Corrected Effective Temperatures of the Planets and the Planets' Mean Surface Temperature Equation: Tmean = [ Φ (1-a) S (β*N*cp)¹∕ ⁴ /4σ ]¹∕ ⁴

Plus the introduction to the Reversed Milankovitch Cycle. Click above on the box for more

Mars, Phobos and Deimos Effective Temperatures comparison

Enhanced-color image of Phobos from the Mars Reconnaissance Orbiter with Stickney crater on the right

An enhanced-color image of Deimos (MRO, 21 February 2009).

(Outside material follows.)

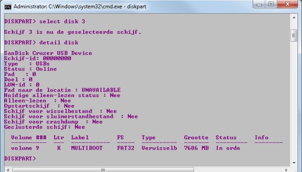 Je selecteert je usb-stick met de opdracht select disk . Je krijgt vervolgens de melding Schijf x is nu de geselecteerde schijf. Maar het commando detail disk geeft je veel meer informatie over je usb-stick. De volgende stap is het opschonen van de stick met het commando clean of, grondiger nog, met clean all. Met dit laatste commando overschrijf je namelijk alle sectoren, een proces dat echter lang kan duren.

Image: NASA/JPL-Caltech/University of Arizona

Mars, Phobos and Deimos Mean Surface Temperatures comparison

3. Mars’ Mean Surface Temperature Calculation:

Te.mars

(1/R²) = (1/1,524²) = 1/2,32 Mars has 2,32 times less solar irradiation intensity than Earth has

Mars’ albedo: amars = 0,25

N = 0,9747 rotations/per day, Planet Mars completes one rotation around its axis in 24 hours 37 min 22 s.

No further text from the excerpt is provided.